Bittar traçou um paralelo entre líderes progressistas brasileiros e Mujica, ressaltando o que classificou como uma diferença ética marcante entre eles. “Porque sabe qual é a diferença do Mujica, da esquerda que ele representou para a esquerda no Brasil? Primeiro, ele entrou com as mãos limpas e saiu com as mãos limpas. A esquerda no Brasil, não! Pode passar 10 anos, 50 anos, ela vai ser lembrada como aquela que fez o maior escândalo de corrupção do mundo democrático de todos os tempos”, declarou o parlamentar.

Ao estender sua análise, Bittar acusou líderes da esquerda no Brasil de incoerência política: Foto/ Reprodução

O senador também destacou a história de vida do político uruguaio, lembrando que ele enfrentou perseguição durante a ditadura militar em seu país, mas não optou por medidas autoritárias quando assumiu o poder. “Mujica foi vítima de uma ditadura, de um tipo de ditadura. A militar. Lutou contra ela. Ao chegar no poder, não tentou implantar outra ditadura”, pontuou.

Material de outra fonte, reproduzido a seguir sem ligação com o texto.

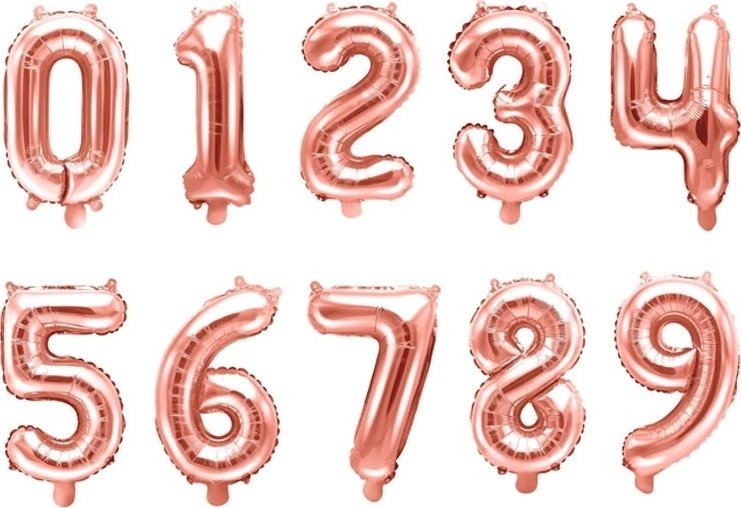 Høykvalitets tallballong i roségull som kan fylles med både luft og helium. Selges enkeltvis og tilgjengelig i tallene 0-9.

Ao estender sua análise, Bittar acusou líderes da esquerda no Brasil de incoerência política. “Aqui no Brasil, alguns líderes de esquerda que dizem terem lutado contra a ditadura, mas que queriam implantar outra, hoje, no poder, associados com alguns ministros do Supremo Tribunal Federal”, afirmou.

Para o senador, a aliança entre esses líderes e integrantes do STF representaria uma tentativa de instaurar um novo tipo de autoritarismo no país. “Aqueles da esquerda brasileira, que dizem que lutaram contra a ditadura, quando estão no poder, tentam implantar outra, como está acontecendo agora”, completou.

Concluindo sua manifestação, Bittar provocou apoiadores de Mujica, defendendo que homenagens deveriam ser acompanhadas por ações coerentes. “As pessoas só falam o que querem. Por exemplo, o ex-presidente do Uruguai é, de fato, alguém? Para a gente lembrar, é! Mas quando você lembra de alguém e elogia, procure imitá-lo”, finalizou.